Everyone bonds during feeding times
Bali Rose is growing. She’s being nourished. It’s so funny because any time someone comes over to the house we go, ‘You have to feed her. You have to feed her.’
It’s such a powerful connecting moment with her when you’re feeding her, because she just looks at you and she knows that she’s safe. She’s being nourished and she’s drinking an organic formula that tastes good to her and she loves it. The most amazing thing, for us, we’ve noticed she doesn’t spit up! I don’t know what it is, she loves it and doesn’t want to waste a drop of Bobbie. It all goes down!
Baby’s first West Hollywood Pride celebration
I see us having just a small amount of people here at the house this year and celebrating who we are as a family and celebrating everyone else who comes to our house and their individuality, and just Pride in general. I think it’s going to be more tame, a little bit more pulled back from the typical West Hollywood Pride celebration.
Before she was even born, I got this heather gray tracksuit with rainbow stripes down the arm, and I was like ‘This is her Pride brunch jumpsuit’.

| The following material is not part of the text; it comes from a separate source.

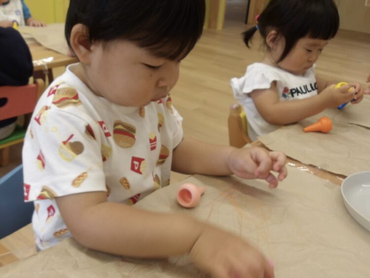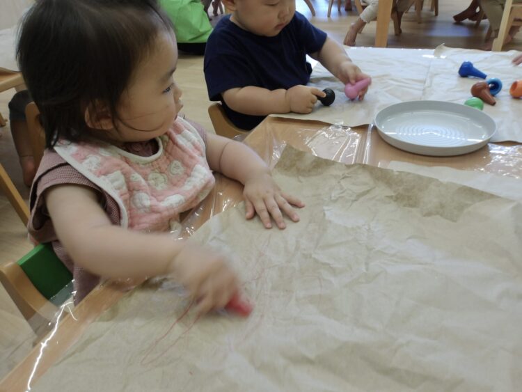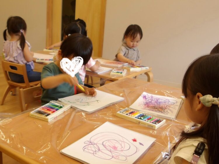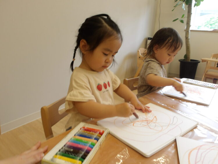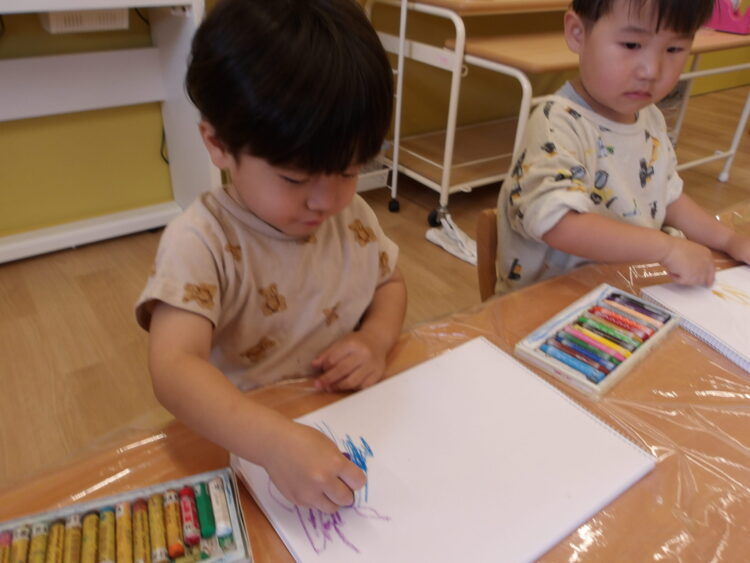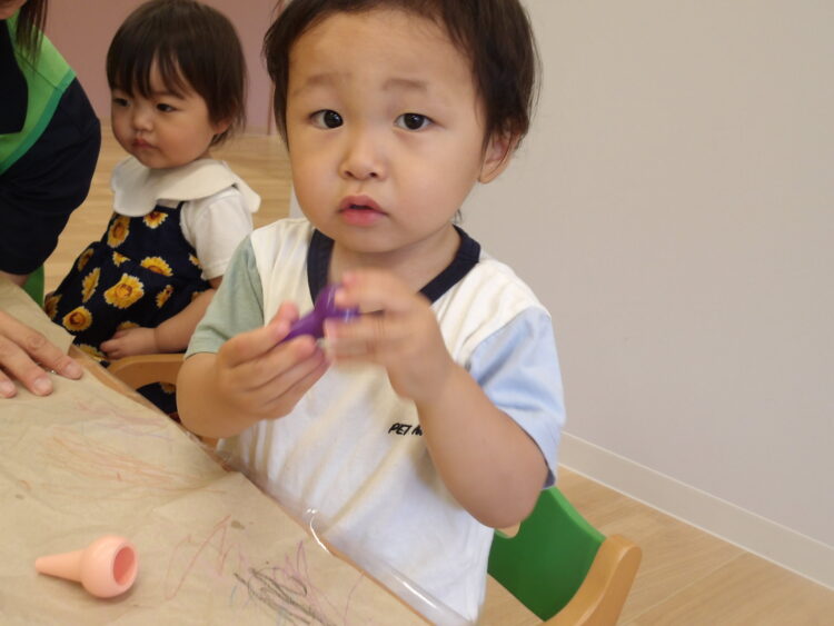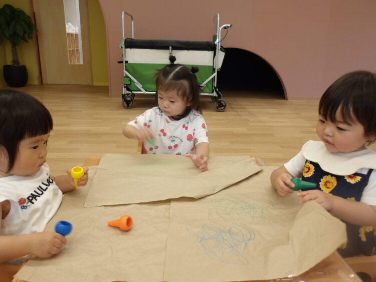 丸いクレヨンをみんなで使いながら、色が付く感覚を味わってみました
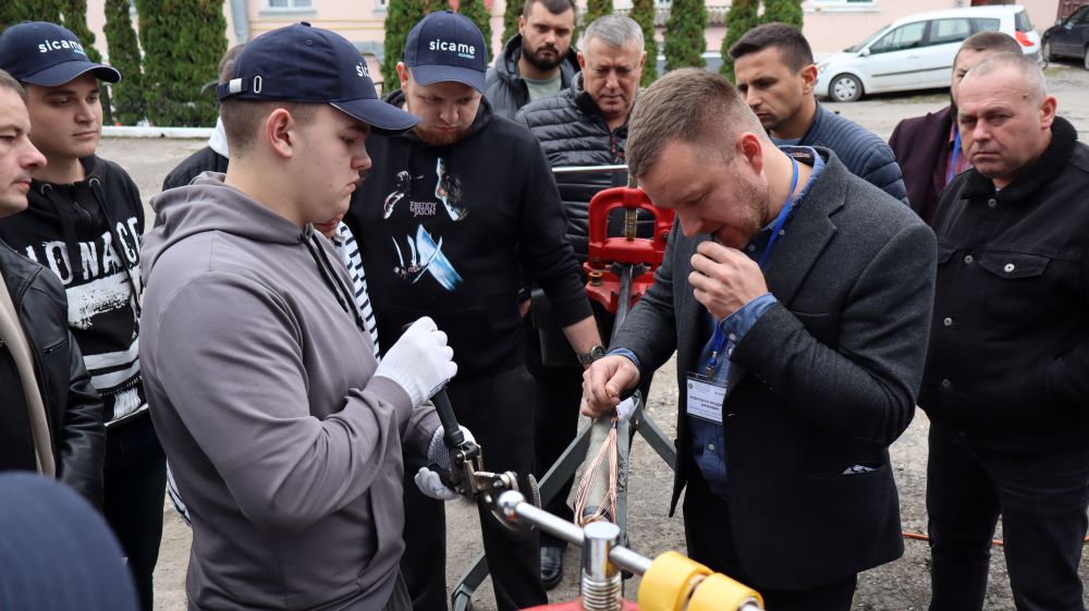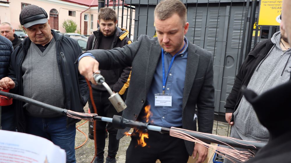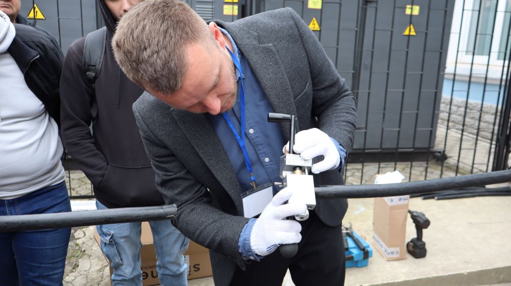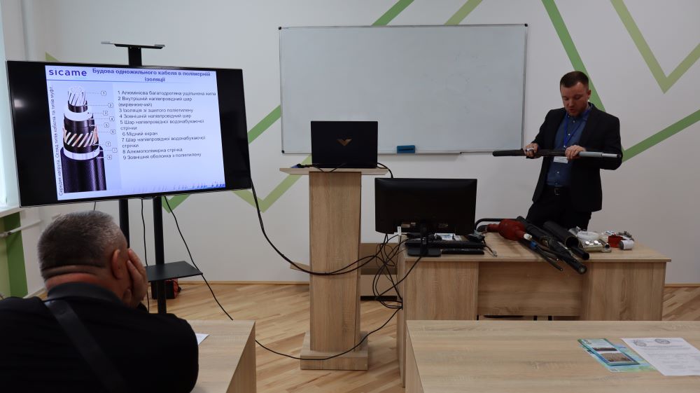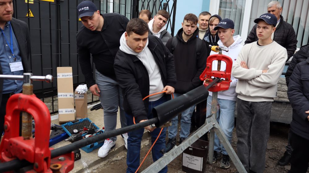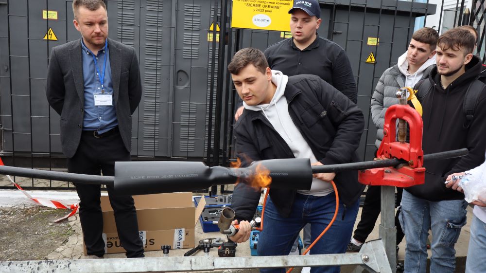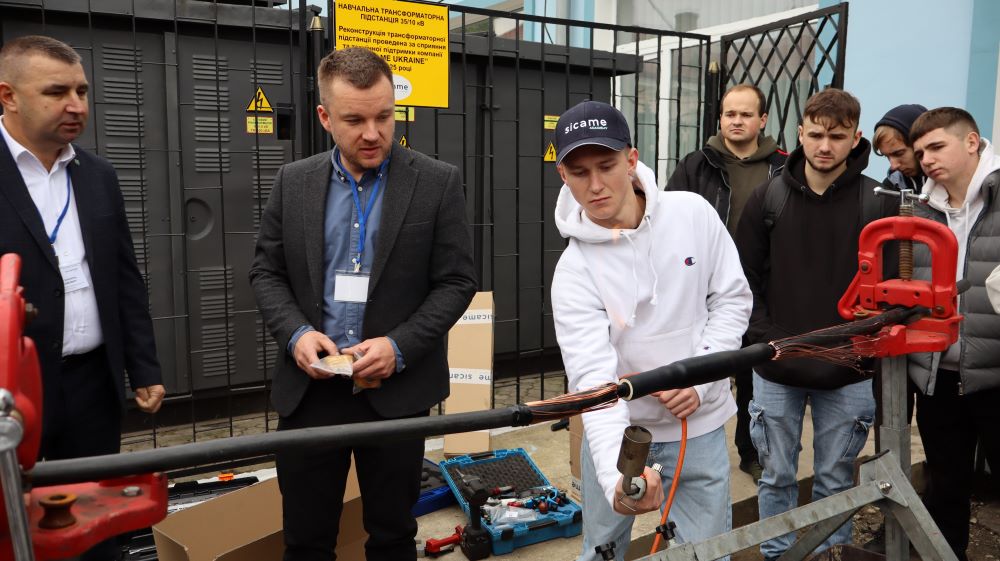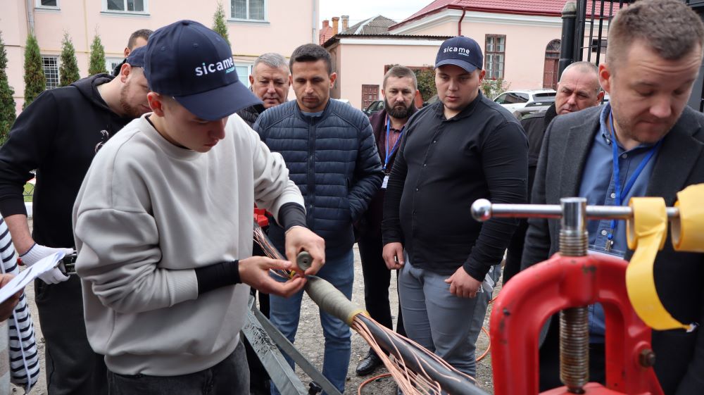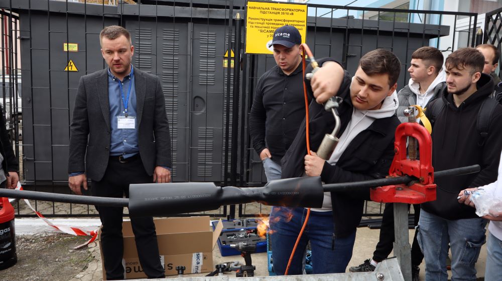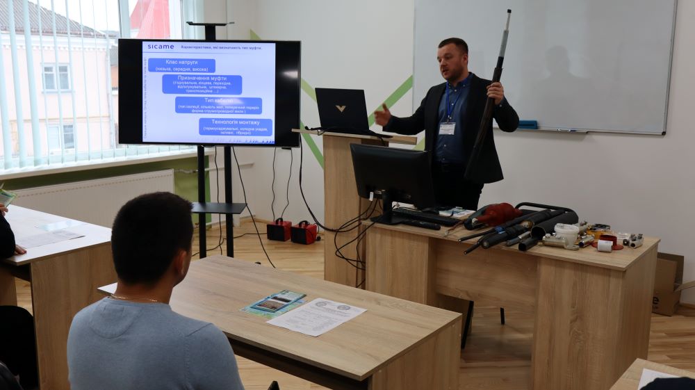 Практична частина, яка відбувалась на майданчику для тренінгів включала підготовку та налаштування інструменту для роботи, розробку кабелю із зшитого поліетилену (6–24 кВ) і монтаж з’єднувальних, кінцевих, перехідних та відгалужувальних кабельних муфт для високовольтного кабелю. Особливу зацікавленість викликали нові рішення SICAME Group – перехідна муфта JTMPTH 12 70-240 СМ, відгалужувальна муфта D3UPTH RSM 50-240 та кінцева муфта холодної усадки E3UERF 24 50-240 СМ, які здобувачі вищої освіти та викладачі монтували вперше.

What Pride means to me as a new dad
I’m proud that I stuck with all the hurdles we went through over the last six and a half years, because there was nothing more special than holding Bali Rose 10 minutes after she was born and watching Brad feed her her first bottle. There was something so magical about that, this little human being and her first breaths of life and then feeding her a bottle and now watching her grow over the past three months. I’m just so proud to be her Dad.
Embedded within the Bobbie DNA is the notion of inclusivity. Our formula allows parents and caregivers to confidently feed and bond with their babies — free of judgment and worry. During Pride month, the tenet of inclusivity feels all the more relevant. This was a great opportunity to share the stories of same-sex couples who have successfully started their biological families and have turned to Bobbie on their feeding journey. We share the story of Trans Dad, Trystan Reese, gay father, David Reed, and others we truly admire.